(Extracted material begins)

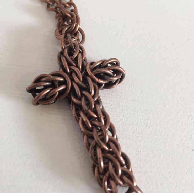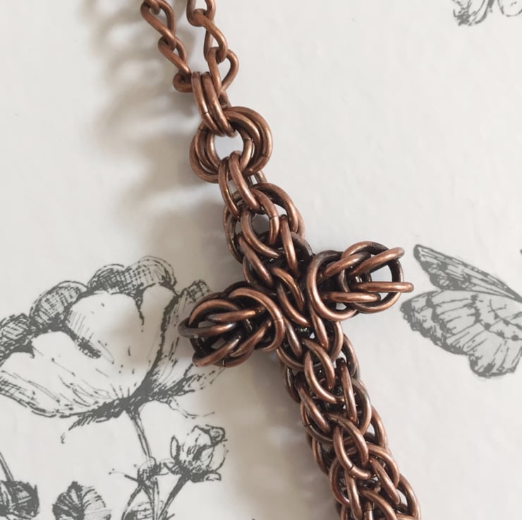I love making chainmaille cross designs and was thinking of a way of combining two different chainmail techniques.
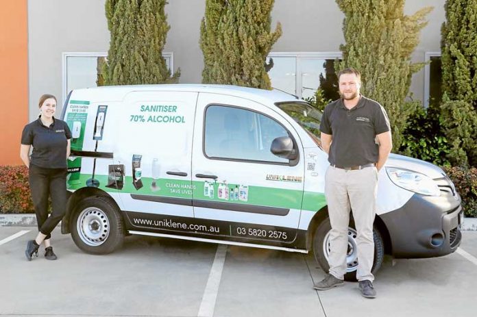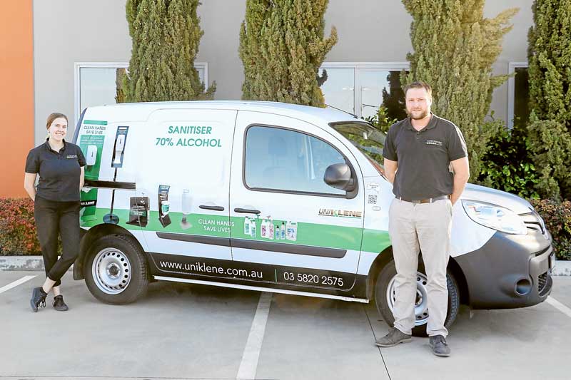 SQUEAKY CLEAN… From left, Uniklene receptionist, Courtney Voumard and sales, Daniel Ryan with their fully stocked van. Photo: Katelyn Morse.
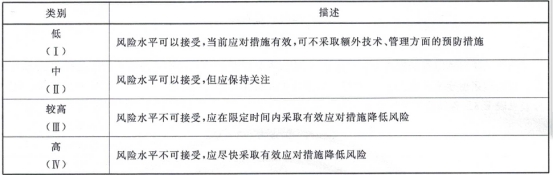 (3)風(fēng)險(xiǎn)評(píng)價(jià)階段:提倡結(jié)合評(píng)價(jià)目標(biāo)及數(shù)據(jù)完整度、經(jīng)濟(jì)投入等因素選擇適用的評(píng)價(jià)方法。風(fēng)險(xiǎn)矩陣法將風(fēng)險(xiǎn)分為低、中、較高和高4 個(gè)等級(jí)。見(jiàn)表 1。
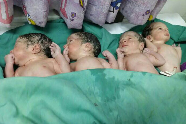 یک مادر قمی در دومین زایمان خود نوزادان چهار قلو به دنیا آورد، این نوزادان یک دختر و سه پسر هستند.
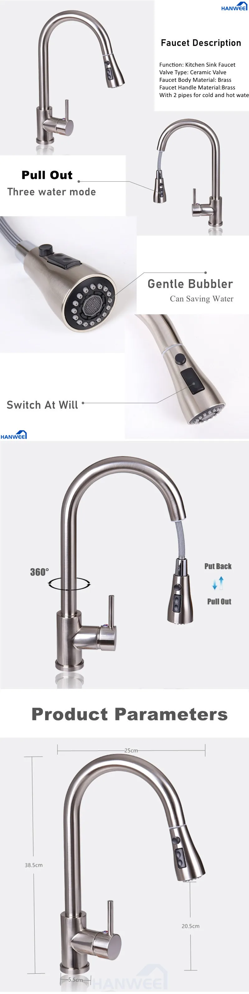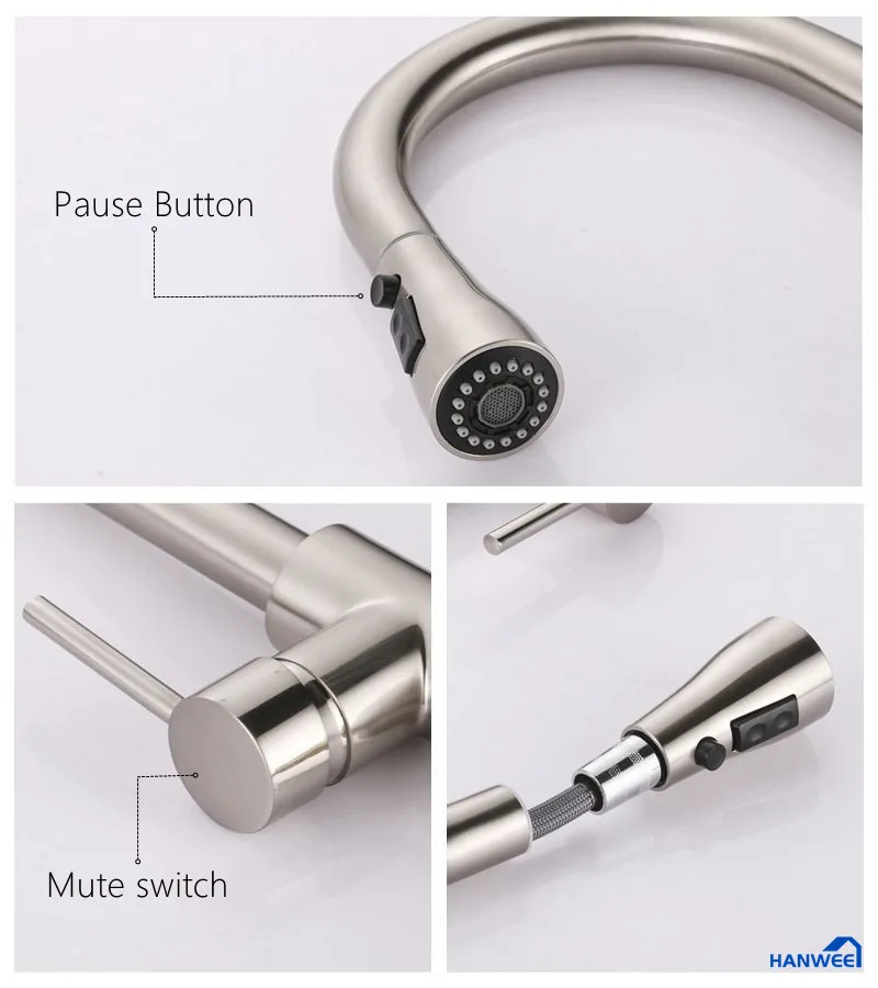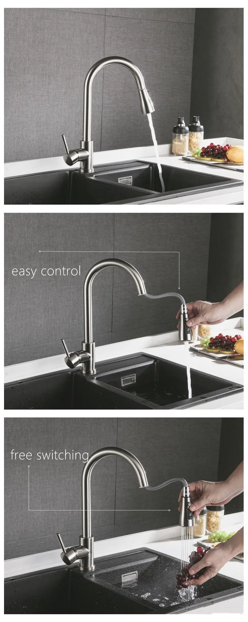 Матовый никелевый смеситель, кран с одним отверстием, выдвижной носик, кран и смеситель для кухонной раковины с распылителем, хромированный/черный кухонный кран
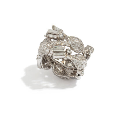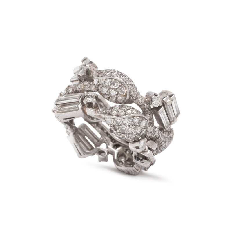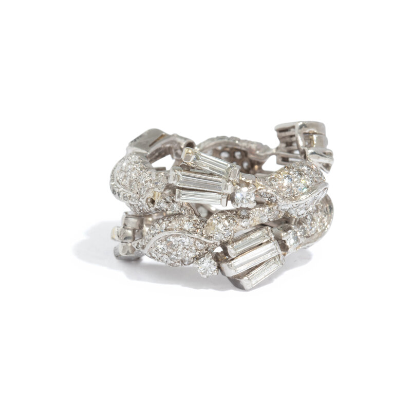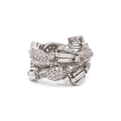 Round, baguette, and single cut diamonds weighing approximately 3.00 - 3.50 carats total. Platinum. Ring size 5.
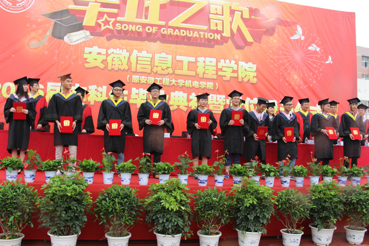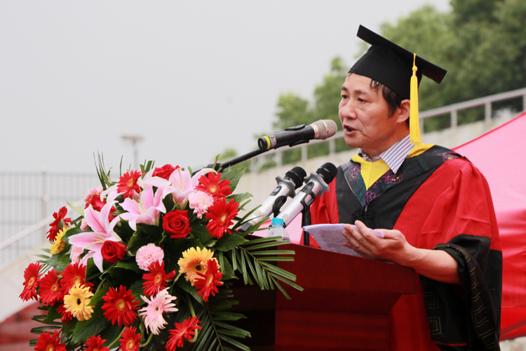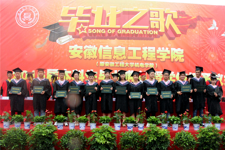 他说,六月是离别的季节,更是收获的季节。今天,你们顺利完成了大学四年的学习,即将踏上人生新的征程。作为文津校区迎来的首届学生,也是合作办学以来的首届毕业生,你们亲身经历了学院艰苦的“拓荒”阶段,积极参与了学院一系列教育教学创新改革举措。面对困难与挑战,你们学会了从容和拼搏。四年来,在你们参与和见证下,学院在提升应用型人才培养质量、夯实办学基础、提升学生就业竞争力等方面取得了重大突破。办学特色日益凸显,办学质量逐步提升。6月10日,全体师生共同见证了学院正式更名为安徽信息工程学院并揭牌。这是四年来全体师生共同努力的成果,是学院发展史上的一个重要里程碑。在此,我要向各位同学表示衷心的感谢!
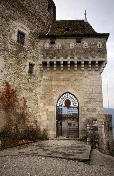 Châtelet, grille en fer et machicoulis.
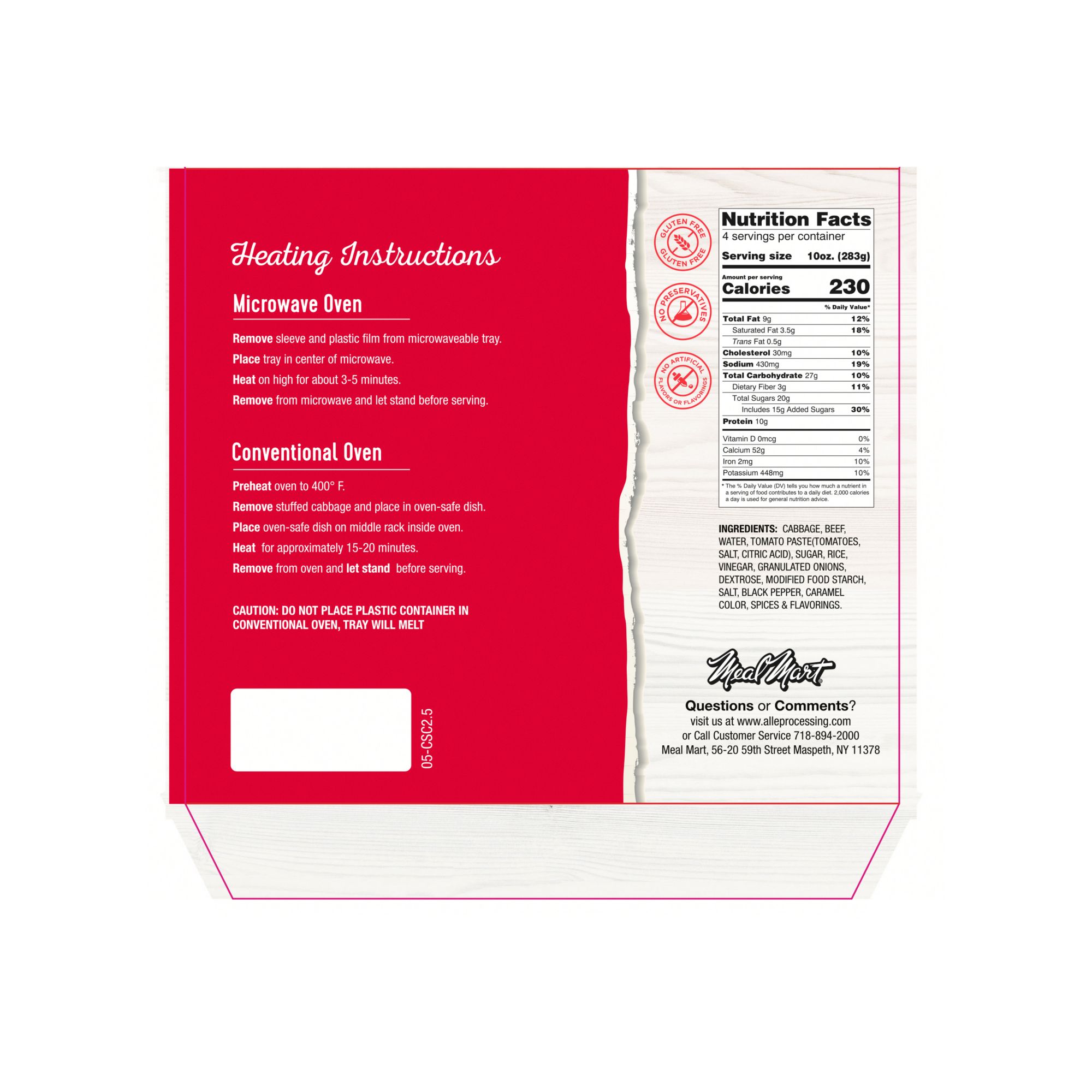 Glatt Kosher Heat and eat Gluten free Hand rolled Includes 40-oz. beef stuffed cabbage
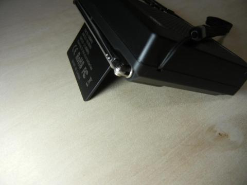 裏の文字が記載されたプラスチック板は本体を斜めに億歳に使用するスタンドになります。
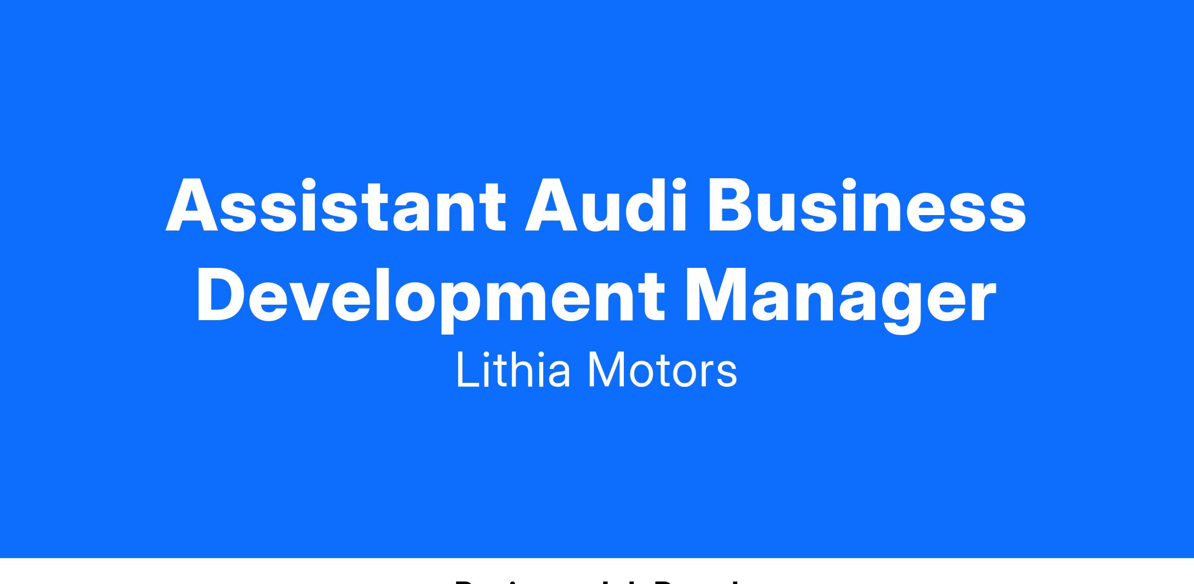 The Lithia Business Development Center Assistant Manager assists in managing the Business Development Administrators in a store.
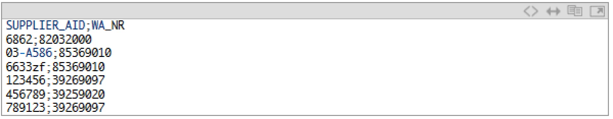 The row with the header SUPPLIER_AID;WA_NR is mandatory information.

(Extracted material ends)

* Task brief
Copy all of the listing word for word, minus the images.

* Finished exercise
I love making chainmaille cross designs and was thinking of a way of combining two different chainmail techniques.
 SQUEAKY CLEAN… From left, Uniklene receptionist, Courtney Voumard and sales, Daniel Ryan with their fully stocked van. Photo: Katelyn Morse.
 (3)風(fēng)險(xiǎn)評(píng)價(jià)階段:提倡結(jié)合評(píng)價(jià)目標(biāo)及數(shù)據(jù)完整度、經(jīng)濟(jì)投入等因素選擇適用的評(píng)價(jià)方法。風(fēng)險(xiǎn)矩陣法將風(fēng)險(xiǎn)分為低、中、較高和高4 個(gè)等級(jí)。見(jiàn)表 1。
 یک مادر قمی در دومین زایمان خود نوزادان چهار قلو به دنیا آورد، این نوزادان یک دختر و سه پسر هستند.
 Матовый никелевый смеситель, кран с одним отверстием, выдвижной носик, кран и смеситель для кухонной раковины с распылителем, хромированный/черный кухонный кран
 Round, baguette, and single cut diamonds weighing approximately 3.00 - 3.50 carats total. Platinum. Ring size 5.
 他说,六月是离别的季节,更是收获的季节。今天,你们顺利完成了大学四年的学习,即将踏上人生新的征程。作为文津校区迎来的首届学生,也是合作办学以来的首届毕业生,你们亲身经历了学院艰苦的“拓荒”阶段,积极参与了学院一系列教育教学创新改革举措。面对困难与挑战,你们学会了从容和拼搏。四年来,在你们参与和见证下,学院在提升应用型人才培养质量、夯实办学基础、提升学生就业竞争力等方面取得了重大突破。办学特色日益凸显,办学质量逐步提升。6月10日,全体师生共同见证了学院正式更名为安徽信息工程学院并揭牌。这是四年来全体师生共同努力的成果,是学院发展史上的一个重要里程碑。在此,我要向各位同学表示衷心的感谢!
 Châtelet, grille en fer et machicoulis.
 Glatt Kosher Heat and eat Gluten free Hand rolled Includes 40-oz. beef stuffed cabbage
 裏の文字が記載されたプラスチック板は本体を斜めに億歳に使用するスタンドになります。
 The Lithia Business Development Center Assistant Manager assists in managing the Business Development Administrators in a store.
 The row with the header SUPPLIER_AID;WA_NR is mandatory information.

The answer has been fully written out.